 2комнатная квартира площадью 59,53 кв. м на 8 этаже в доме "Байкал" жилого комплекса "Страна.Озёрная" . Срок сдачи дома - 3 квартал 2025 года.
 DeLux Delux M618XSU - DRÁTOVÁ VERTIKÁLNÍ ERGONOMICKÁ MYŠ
--
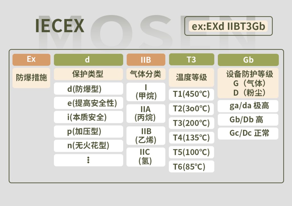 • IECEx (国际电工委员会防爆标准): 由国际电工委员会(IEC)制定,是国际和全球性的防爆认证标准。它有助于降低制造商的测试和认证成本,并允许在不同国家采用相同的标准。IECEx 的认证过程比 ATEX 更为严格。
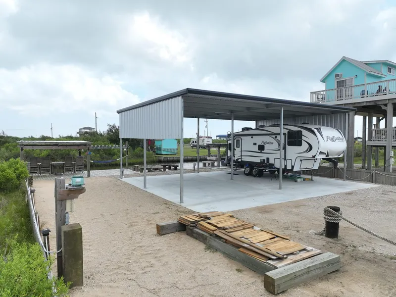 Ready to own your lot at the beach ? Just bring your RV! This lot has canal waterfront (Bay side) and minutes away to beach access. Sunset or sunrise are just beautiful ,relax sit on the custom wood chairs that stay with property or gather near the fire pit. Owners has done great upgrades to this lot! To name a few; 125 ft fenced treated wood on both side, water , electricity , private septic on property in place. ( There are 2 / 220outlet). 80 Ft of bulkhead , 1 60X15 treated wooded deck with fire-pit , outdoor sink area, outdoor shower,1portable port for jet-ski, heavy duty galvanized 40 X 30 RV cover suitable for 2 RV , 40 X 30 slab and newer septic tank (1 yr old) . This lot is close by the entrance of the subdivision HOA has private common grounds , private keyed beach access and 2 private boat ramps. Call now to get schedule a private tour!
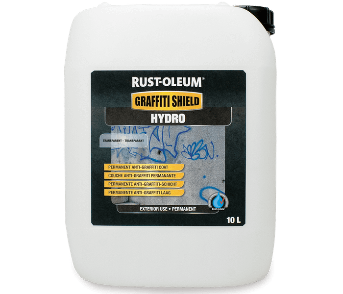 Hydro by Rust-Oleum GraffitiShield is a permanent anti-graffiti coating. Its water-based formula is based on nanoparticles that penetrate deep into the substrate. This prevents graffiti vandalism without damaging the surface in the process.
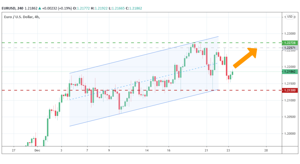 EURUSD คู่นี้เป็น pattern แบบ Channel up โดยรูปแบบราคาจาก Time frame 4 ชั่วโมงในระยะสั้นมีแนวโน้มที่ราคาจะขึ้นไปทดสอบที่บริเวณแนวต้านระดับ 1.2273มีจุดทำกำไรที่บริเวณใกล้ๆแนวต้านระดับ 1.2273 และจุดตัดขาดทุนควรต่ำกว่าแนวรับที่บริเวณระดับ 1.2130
--
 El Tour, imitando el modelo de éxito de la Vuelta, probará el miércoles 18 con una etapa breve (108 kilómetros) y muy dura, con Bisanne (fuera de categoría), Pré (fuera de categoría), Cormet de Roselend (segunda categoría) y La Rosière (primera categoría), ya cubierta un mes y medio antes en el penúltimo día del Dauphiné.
--
■ **WHAT YOU ARE ASKED TO DO**
Within the listing above, write out the stretch from the line with "Hydro by Rust-Oleum" through the line with "EURUSD คู่นี้เป็น pattern" exactly. Any pictures are to be left out.

■ **TASK SOLUTION**
 Hydro by Rust-Oleum GraffitiShield is a permanent anti-graffiti coating. Its water-based formula is based on nanoparticles that penetrate deep into the substrate. This prevents graffiti vandalism without damaging the surface in the process.
 EURUSD คู่นี้เป็น pattern แบบ Channel up โดยรูปแบบราคาจาก Time frame 4 ชั่วโมงในระยะสั้นมีแนวโน้มที่ราคาจะขึ้นไปทดสอบที่บริเวณแนวต้านระดับ 1.2273มีจุดทำกำไรที่บริเวณใกล้ๆแนวต้านระดับ 1.2273 และจุดตัดขาดทุนควรต่ำกว่าแนวรับที่บริเวณระดับ 1.2130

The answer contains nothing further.